▸ Required action:
Word for word, restate the lines from the one containing "The Wee Manse" through the last line of the material, and include no pictures.

▸ Records for the task:
------------------------------------------------

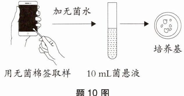 (1) 如题10图所示,在固定区域用无菌棉签从手机屏幕取样,制成菌悬液,然后将该菌悬液在培养基上涂抹,这个步骤即为
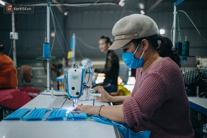 Cơ sở sản xuất áo mưa của chị Lê Thị Thắm (xã Hải Bối, huyện Đông Anh, Hà Nội) hơn 2 tuần vừa qua chuyển sang khâu may khẩu trang 4 lớp phát miễn phí cho người dân trên địa bàn, đề phòng dịch COVID-19. Toàn bộ hơn 20 nhân công được huy động tối đa, làm việc từ 7h30 đến 18h mỗi ngày, liên tục từ ngày 7/2. Chị dự tính sẽ phát hơn 40.000 khẩu trang đến tay bà con và trẻ nhỏ
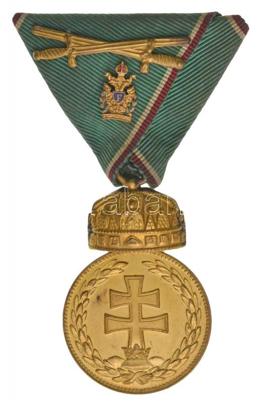 1922. "Magyar Koronás Bronzérem, kardokkal és az elmaradt Vaskorona Rend miniatűrjével" aranyozott Br kitüntetés zöld mellszalagon T:2 karcolt perem
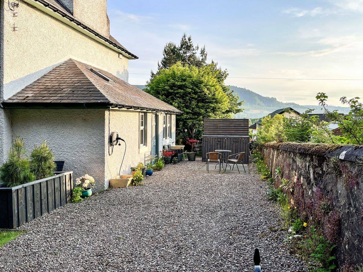 The Wee Manse is a beautiful self-contained studio; a new addition to Aberfeldy, attached to the Old Manse but has its private entrance and driveway. A mere 2 minutes’ walk from the quaint town centre and set in a quiet peaceful location. Finished to a high standard with underfloor heating, a double bed with wonderful Egyptian cotton, the studio includes a Smart TV and Wi-Fi. Even though it’s compact, the kitchen area is well-equipped with a Nespresso coffee machine, microwave/grill and fridge. You have your own private outdoor space. A great getaway, ideal for relaxing, reading or catching up on work.
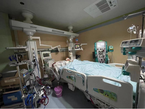 凌晨一点半,一名因心衰转诊贵阳市妇幼保健院的患儿婷婷(化名)被送往贵阳市妇幼保健院重症监护室。只见患儿在呼吸机辅助通气下,面色、口唇青灰、氧合差、心音低钝,急查血提示N端-B型钠利肽前体、及肌钙蛋白均异常增高,心电图、心脏b超提示异常,均指向心力衰竭、心源性休克,高度考虑暴发性心肌炎。进入PICU约15分钟,患儿出现心率、血压下降,经皮血氧饱和度不能维持,医务人员立即进行胸外心脏按压,大剂量血管活性药物维持循环等抢救治疗后,气管插管内仍可见鲜血涌出,心率、血压、血氧难以维持,血流动力学极不稳定,患儿命悬一线,情况非常危急。
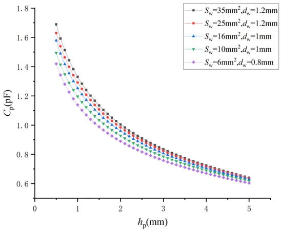A simulation analysis of the variation in coupling capacitance for several common low-voltage distribution conductors specified in the national standard, as well as for different distances between the conductors and the sensing probe, was conducted using COMSOL 6.0. The effective area of the sensing electrode plate is 225 mm2, and the distance between the probe and the conductor ranges from 0.5 mm to 4 mm with a step size of 0.1 mm. The simulation results of the coupling capacitance for multiple conductors are shown in Figure 2.
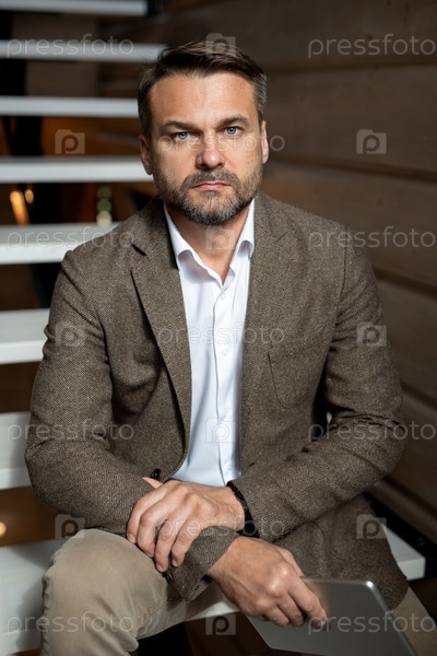 Уверенный бизнесмен средних лет в формальной одежде, сидящий на лестнице

------------------------------------------------

▸ Answer section:
 The Wee Manse is a beautiful self-contained studio; a new addition to Aberfeldy, attached to the Old Manse but has its private entrance and driveway. A mere 2 minutes’ walk from the quaint town centre and set in a quiet peaceful location. Finished to a high standard with underfloor heating, a double bed with wonderful Egyptian cotton, the studio includes a Smart TV and Wi-Fi. Even though it’s compact, the kitchen area is well-equipped with a Nespresso coffee machine, microwave/grill and fridge. You have your own private outdoor space. A great getaway, ideal for relaxing, reading or catching up on work.
 凌晨一点半,一名因心衰转诊贵阳市妇幼保健院的患儿婷婷(化名)被送往贵阳市妇幼保健院重症监护室。只见患儿在呼吸机辅助通气下,面色、口唇青灰、氧合差、心音低钝,急查血提示N端-B型钠利肽前体、及肌钙蛋白均异常增高,心电图、心脏b超提示异常,均指向心力衰竭、心源性休克,高度考虑暴发性心肌炎。进入PICU约15分钟,患儿出现心率、血压下降,经皮血氧饱和度不能维持,医务人员立即进行胸外心脏按压,大剂量血管活性药物维持循环等抢救治疗后,气管插管内仍可见鲜血涌出,心率、血压、血氧难以维持,血流动力学极不稳定,患儿命悬一线,情况非常危急。
A simulation analysis of the variation in coupling capacitance for several common low-voltage distribution conductors specified in the national standard, as well as for different distances between the conductors and the sensing probe, was conducted using COMSOL 6.0. The effective area of the sensing electrode plate is 225 mm2, and the distance between the probe and the conductor ranges from 0.5 mm to 4 mm with a step size of 0.1 mm. The simulation results of the coupling capacitance for multiple conductors are shown in Figure 2.
 Уверенный бизнесмен средних лет в формальной одежде, сидящий на лестнице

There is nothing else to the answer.